-- Opening Marker --

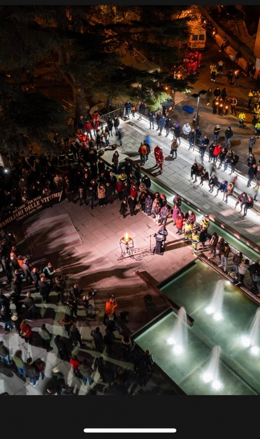 Alle 21 nell’area antistante il Tribunale, in via XX Settembre, si sono radunati i cittadini, il Comitato familiari delle vittime e le autorità con le torce in mano. Dopo un percorso di 800 metri, la sosta davanti all'ex Casa dello Studente, dove hanno perso la vita 8 universitari. A seguire l’arrivo al Parco della Memoria, a piazzale Paoli, inaugurato lo scorso anno alla presenza del premier Mario Draghi. Proprio al Parco il “braciere della memoria”, omaggiato dalla presenza di un alpino, un agente di polizia, un carabiniere, un finanziere e un agente di polizia municipale, è stato acceso da un’atleta della Nazionale ciclisti Ucraina, Valeriia Kononenko, insieme a un Vigile del Fuoco. È seguita la lettura dei 309 nomi delle persone scomparse nella notte tra il 5 e il 6 aprile.
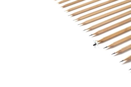Close up of wooden pencils scattered on white background
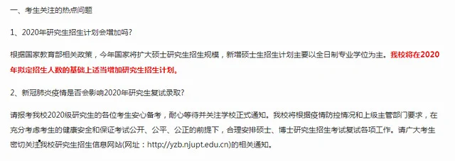 南京邮电大学:根据国家教育部相关政策,今年国家将扩大硕士研究生招生规模,新增硕士生招生计划主要以全日制专业学位为主。我校将在2020年拟定招生人数的基础上适当增加研究生招生计划。
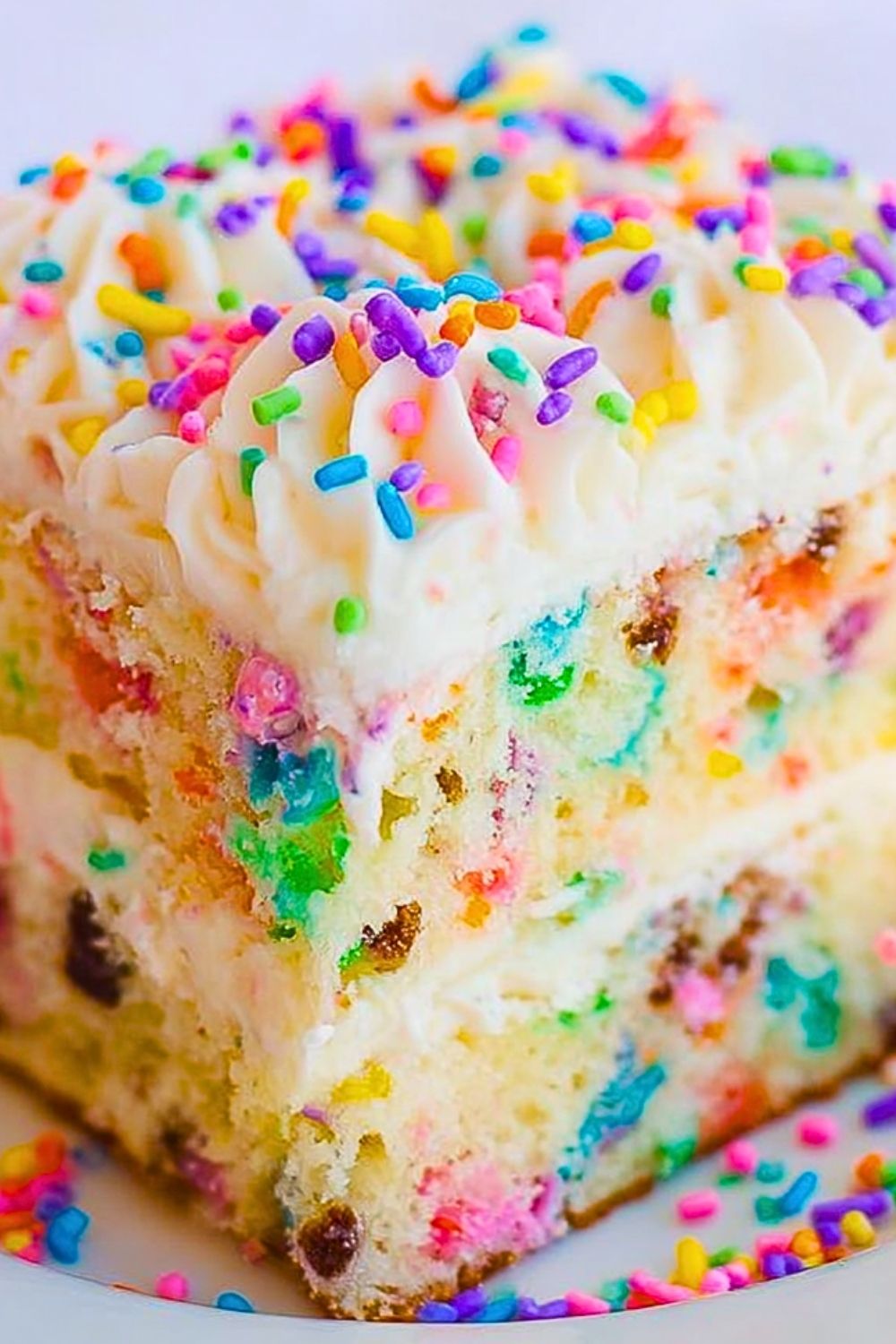 Cut the cake into squares or rectangles and serve. Each slice will reveal colorful bursts of sprinkles, making it as delightful to look at as it is to eat.

-- Closing Marker --

* Assignment
Write out all the material verbatim, images excluded.

* Answer to this problem
 Alle 21 nell’area antistante il Tribunale, in via XX Settembre, si sono radunati i cittadini, il Comitato familiari delle vittime e le autorità con le torce in mano. Dopo un percorso di 800 metri, la sosta davanti all'ex Casa dello Studente, dove hanno perso la vita 8 universitari. A seguire l’arrivo al Parco della Memoria, a piazzale Paoli, inaugurato lo scorso anno alla presenza del premier Mario Draghi. Proprio al Parco il “braciere della memoria”, omaggiato dalla presenza di un alpino, un agente di polizia, un carabiniere, un finanziere e un agente di polizia municipale, è stato acceso da un’atleta della Nazionale ciclisti Ucraina, Valeriia Kononenko, insieme a un Vigile del Fuoco. È seguita la lettura dei 309 nomi delle persone scomparse nella notte tra il 5 e il 6 aprile.
Close up of wooden pencils scattered on white background
 南京邮电大学:根据国家教育部相关政策,今年国家将扩大硕士研究生招生规模,新增硕士生招生计划主要以全日制专业学位为主。我校将在2020年拟定招生人数的基础上适当增加研究生招生计划。
 Cut the cake into squares or rectangles and serve. Each slice will reveal colorful bursts of sprinkles, making it as delightful to look at as it is to eat.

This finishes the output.